Fantôme utile de Ratchapoom Boonbunchachoke

Particules élémentaires

Ovni thaïlandais au charme entêtant, Fantôme utile marque les premiers pas du réalisateur Ratchapoom Boonbunchachoke dans la cour du long-métrage. Une fresque romantique, poétique et politique, qui ose le burlesque et les ruptures de ton pour raconter un pays et son lien aux mythes.

Ornée du Grand Prix de la Semaine de la Critique au dernier Festival de Cannes, cette aventure se savoure le long de ses deux heures dix de récit.

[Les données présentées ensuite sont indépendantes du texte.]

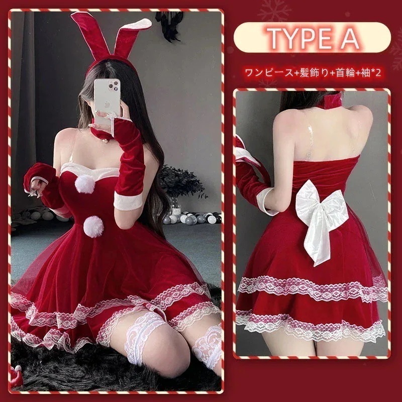 サンタコスプレ サンタコスプレクリスマス服セット レディース コスチュームクリスマスうさ耳ワンピース クリスマスコスプレ 全ネット最安値に挑戦【】【7点セット】

Les premières images donnent la note : des grains de poussière tombent sur la ville. Pollution urbaine et économique, métaphore des particules fantomatiques, elle signifie d’emblée que les mondes visible et invisible sont poreux, et que quelque chose contamine la normalité ambiante. Jusqu’à l’impensable… savoureux. Les esprits soufflent où ils veulent et intègrent n’importe quelle enveloppe. En l’occurrence celle d’un aspirateur et autres appareils mécaniques et électroménagers. L’audace est l’ADN de ce premier film long, tout droit sorti de l’esprit plein de poésie du jeune cinéaste Ratchapoom Boonbunchachoke. Empreint des mythes et légendes de Thaïlande, et du goût est-asiatique pour les histoires de fantômes, il dépasse le réalisme pour mieux raconter sa vision du monde. Un monde marqué par les injustices, les injonctions et les répressions politiques et sociales. Mais aussi par les fantasmes.

C’est en affirmant le poing levé son goût pour un monde inclusif, joyeux, vengeur, sensuel et burlesque, que l’auteur s’exprime avec générosité. Avec un soin apporté au son comme à l’image, il défend son univers pétri de romantisme et de mélancolie, sans jamais forcer sur la vitesse. Son traitement s’appuie sur un rythme qui donne à chaque scène les conditions idéales pour installer un climat, et pour rendre les émotions palpables. Ses couples hétéro comme queer s’aiment passionnément, au-delà des contingences matérielles et du temps, de décors urbains simples et populaires en belle villa, en passant par un fascinant local d’expérimentation, à l’architecture et aux formes détonantes. Marqué par des maîtres du cinéma d’auteur international, de Raoul Ruiz à Jacques Rivette, de Chantal Akerman à Manoel de Oliveira, d’Otar Iosseliani à João Cesar Monteiro, Boonbunchachoke aime faire décoller le réel vers la fantaisie fantastique et toucher à la fable. Il gagne le pari en créant sa propre signature, en alliant la douceur à la noirceur. Gageure passionnante à regarder se déployer sur grand écran, et promesse d’un parcours à suivre de près.